A sense of fairness suggests such a safety valve should be available for algorithmic decisions that have a material impact on individuals’ lives. Explainability requires (1) identifying algorithmic decisions, (2) deconstructing specific decisions, and (3) establishing a channel by which an individual can seek an explanation. Reverse-engineering algorithms based on machine learning can be difficult, and even impossible, a difficulty that increases as machine learning becomes more sophisticated. Explainability therefore entails a significant regulatory burden and constraint on use of algorithmic decision-making and, in this light, should be concentrated in its application, as the EU has done (at least in principle) with its “legal effects or similarly significant effects” threshold. As understanding increases about the comparative strengths of human and machine capabilities, having a “human in the loop” for decisions that affect people’s lives offers a way to combine the power of machines with human judgment and empathy.
Risk assessment: In the 1974 Privacy Act, risk assessments were originally developed as “privacy impact assessments” within the federal government. They have since evolved as widely used privacy-management tools to evaluate and mitigate privacy risks in advance, and are required by the GDPR for novel technology or high-risk uses of data. Proposals for privacy legislation from Sen. Ron Wyden (D-Ore.)¹⁷ and Intel Corporation¹⁸ would require that any automated decision-making be preceded by an assessment of its risks to individuals. Wyden has also filed a separate, stand-alone bill on algorithmic decision-making, the Algorithmic Accountability Act.¹⁹ Risk assessments for algorithmic decision-making provide an opportunity to anticipate potential biases in design and data as well as the potential impact on individuals. For the regulatory burden to be proportionate, the level of risk assessment should be appropriate to the significance of the decision-making in question, which depends on the consequences of the decisions, the number of people and volume of data potentially affected, and the novelty and complexity of algorithmic processing.
Audits: Audits evaluate privacy practices retrospectively. Most legislative proposals contain some general accountability requirements to ensure companies comply with their privacy programs, and some include self-audits or third-party audits. Paired with proactive risk assessments, auditing outcomes of algorithmic decision-making can help match foresight with hindsight; although, like explainability, auditing machine-learning routines is difficult and still developing. One of the clear lessons from the AI debate, as summarized in a review of best practices by Brookings scholar Nicol Turner Lee with Paul Resnick and Genie Barton, is that “it’s important for algorithm operators and developers to always be asking themselves: Will we leave some groups of people worse off as a result of the algorithm’s design or its unintended consequences?” (emphasis in original).²⁰

Because of the difficulties of foreseeing machine learning outcomes as well as reverse-engineering algorithmic decisions, no single measure can be completely effective in avoiding perverse effects. Thus, where algorithmic decisions are consequential, it makes sense to combine measures to work together. Advance measures such as transparency and risk assessment, combined with the retrospective checks of audits and human review of decisions, could help identify and address unfair results. A combination of these measures can complement each other and add up to more than the sum of the parts. Risk assessments, transparency, explainability, and audits also would strengthen existing remedies for actionable discrimination by providing documentary evidence that could be used in litigation. Not all algorithmic decision-making is consequential, however, so these requirements should vary according to the objective risk.

Looking ahead

The window for this Congress to pass comprehensive privacy legislation is narrowing. While the Commerce Committee in each house of Congress has been working on a bipartisan basis throughout 2019 and have put out discussion drafts, they have yet to reach agreement on a bill. Meanwhile, the California Consumer Privacy Act went into effect on Jan. 1, 2020,²¹ impeachment and war powers have crowded out other issues, and the presidential election is going into full swing.

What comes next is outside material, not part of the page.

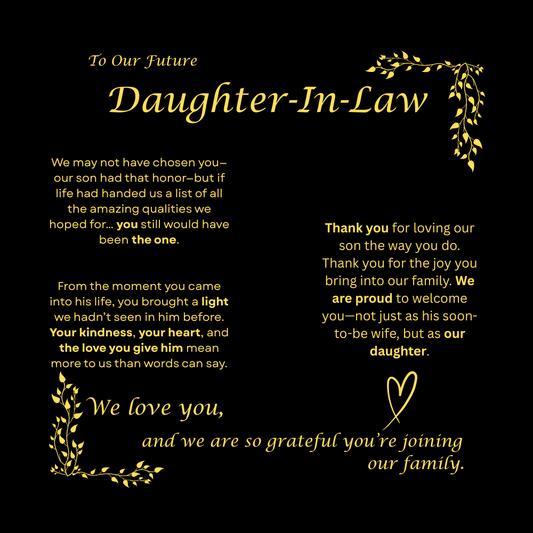 Future Daughter in Law Gift from Parents of Groom, Emotional Message Onyx Card Necklace, Wedding Gift for Future Daughter-in-Law, Engagement Gift

“The window for this Congress to pass comprehensive privacy legislation is narrowing.”

In whatever window remains to pass privacy legislation before the 2020 election, the treatment of algorithmic decision-making is a substantively and politically challenging issue that will need a workable resolution. For a number of civil rights, consumer, and other civil society groups, establishing protections against discriminatory algorithmic decision-making is an essential part of legislation. In turn, it will be important to Democrats in Congress. At a minimum, some affirmation that algorithmic discrimination based on personal information is subject to existing civil rights and nondiscrimination laws, as well as some additional accountability measures, will be essential to the passage of privacy legislation.

The Brookings Institution is a nonprofit organization devoted to independent research and policy solutions. Its mission is to conduct high-quality, independent research and, based on that research, to provide innovative, practical recommendations for policymakers and the public. The conclusions and recommendations of any Brookings publication are solely those of its author(s), and do not reflect the views of the Institution, its management, or its other scholars.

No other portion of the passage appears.